### [WHAT YOU ARE ASKED TO DO]
Lines from the one containing "Позвольте его ногам" through the final line of the data, restated word for word and free of pictures, make up the whole answer.

### [DATA SHOWN]
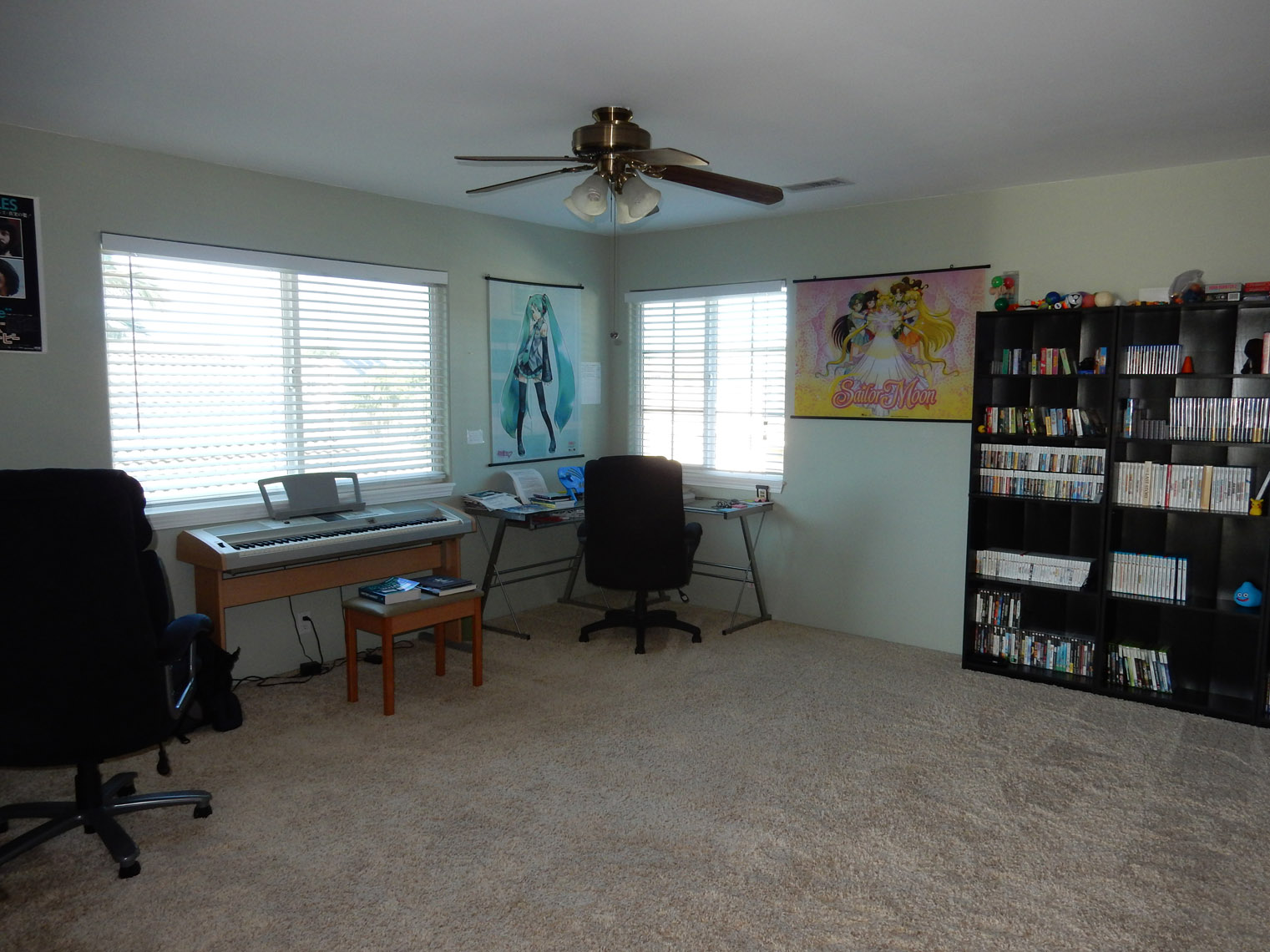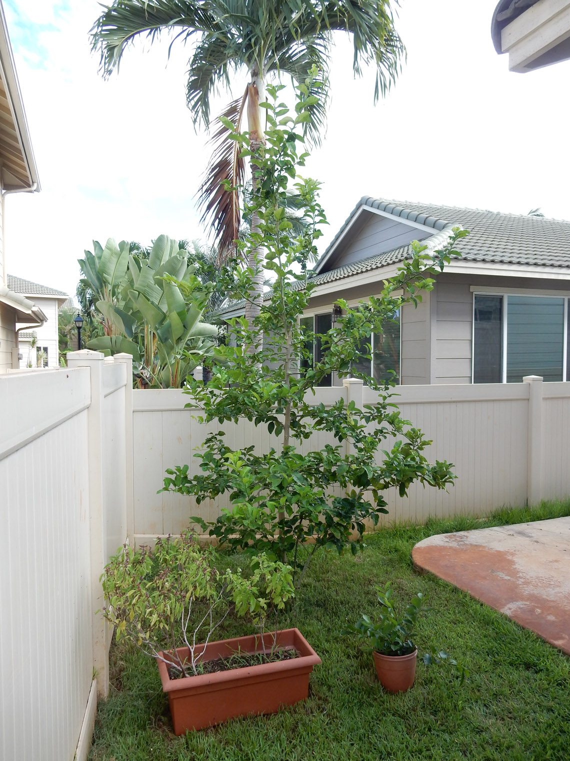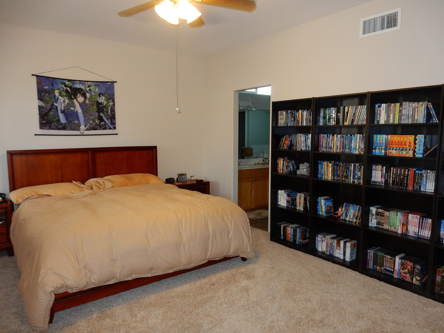 While there isn't too much of a front yard, it had a patch of birds of paradise, which are one of my favorite flowers. The guest room was right inside. Connie and I had both hoped to have a bunch of our friends visit, but that unfortunately never really happened. Just wasn't enough time, I guess. Moving on, we have the kitchen. I really liked the kitchen. I love to cook, when I have time, and having all the drawers, cabinets, and counter space was awesome. The dining room and living room were nice too. All the windows were great, though it left less room on the wall for pictures. At least I get to keep the furniture. Anyway, moving on, here's the master bedroom. Had a large attached bathroom and closest too. Once Connie and I got married, I'd intended to get a dresser to complete things, but had to put it on hold since we would likely be moving. Upstairs had a large room which I set up as an office, complete with all my figurines. Had I known that I wouldn't even have the house for two years, I probably wouldn't have spent so much time arranging them all... I had intended to eventually turn the other half of the room into a lounge of sort, moving up the TV from downstairs (after getting a bigger one for the living room), hooking up my older game consoles, and putting in some recliners or beanbags or something, but I never really had the chance... Then there's the third bedroom, which I turned in a library (a room I always wanted). There was a decent bit of empty space in there too, which I had been thinking of turning into a sitting area, extra bedroom, or maybe a LEGO area. And, finally, we have the back yard. The plumeria tree was there from the beginning, but I added the dwarf coconut and the papaya and lilikoi in this photo. Then there's my Buddha's hand, the first thing I planted in the back yard not too long after I moved in. It was only a couple of feet tall at the start, but it really took off. Got a few flowers too, though unfortunately I all my trees were too young to get any fruit yet.
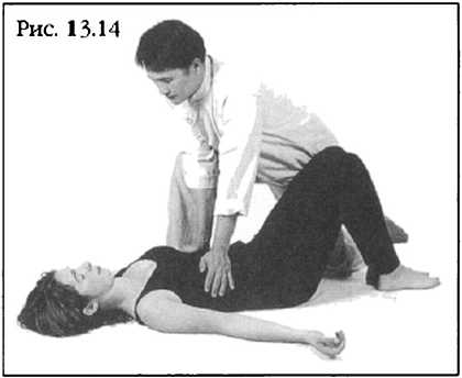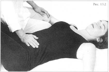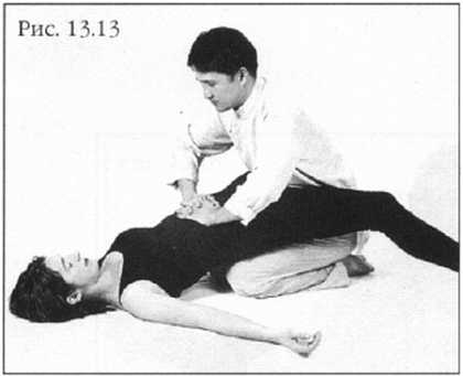 Позвольте его ногам свеситься у вас по бокам, ваши бедра поддерживают его поясницу. Теперь живот прямо перед вами и очень доступен для ваших рук (фото 13.11).
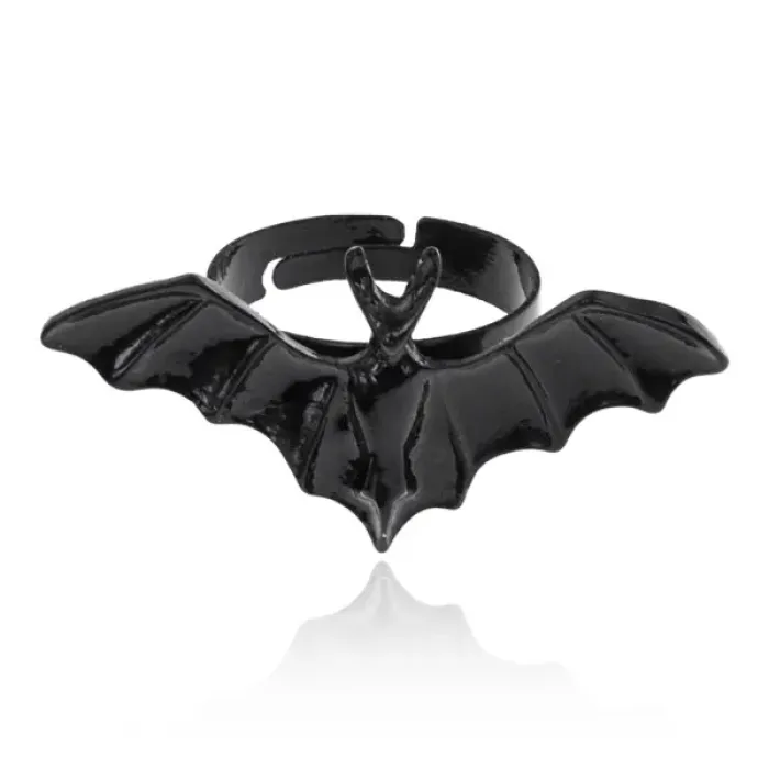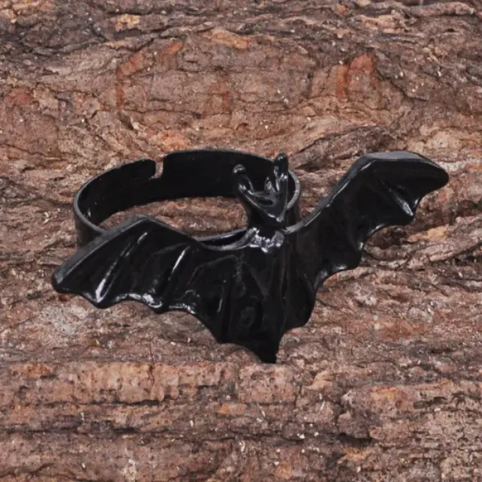 Безразмерное кольцо в виде летучей мыши из металла.
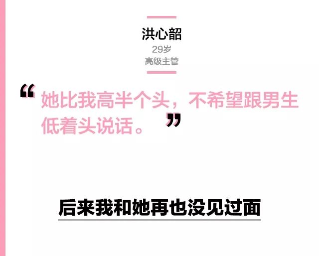 但总有人得戳穿这层窗户纸啊,我就问她有多高,女生说自己光脚1米72,今天穿着高跟鞋应该有1米81,然后我故意说,我不习惯跟女生仰着头说话。这话可能刺激到她了,她也回敬了一句:我也很不希望跟男生低着头说话。

### [ANSWER BELOW]
 Позвольте его ногам свеситься у вас по бокам, ваши бедра поддерживают его поясницу. Теперь живот прямо перед вами и очень доступен для ваших рук (фото 13.11).
 Безразмерное кольцо в виде летучей мыши из металла.
 但总有人得戳穿这层窗户纸啊,我就问她有多高,女生说自己光脚1米72,今天穿着高跟鞋应该有1米81,然后我故意说,我不习惯跟女生仰着头说话。这话可能刺激到她了,她也回敬了一句:我也很不希望跟男生低着头说话。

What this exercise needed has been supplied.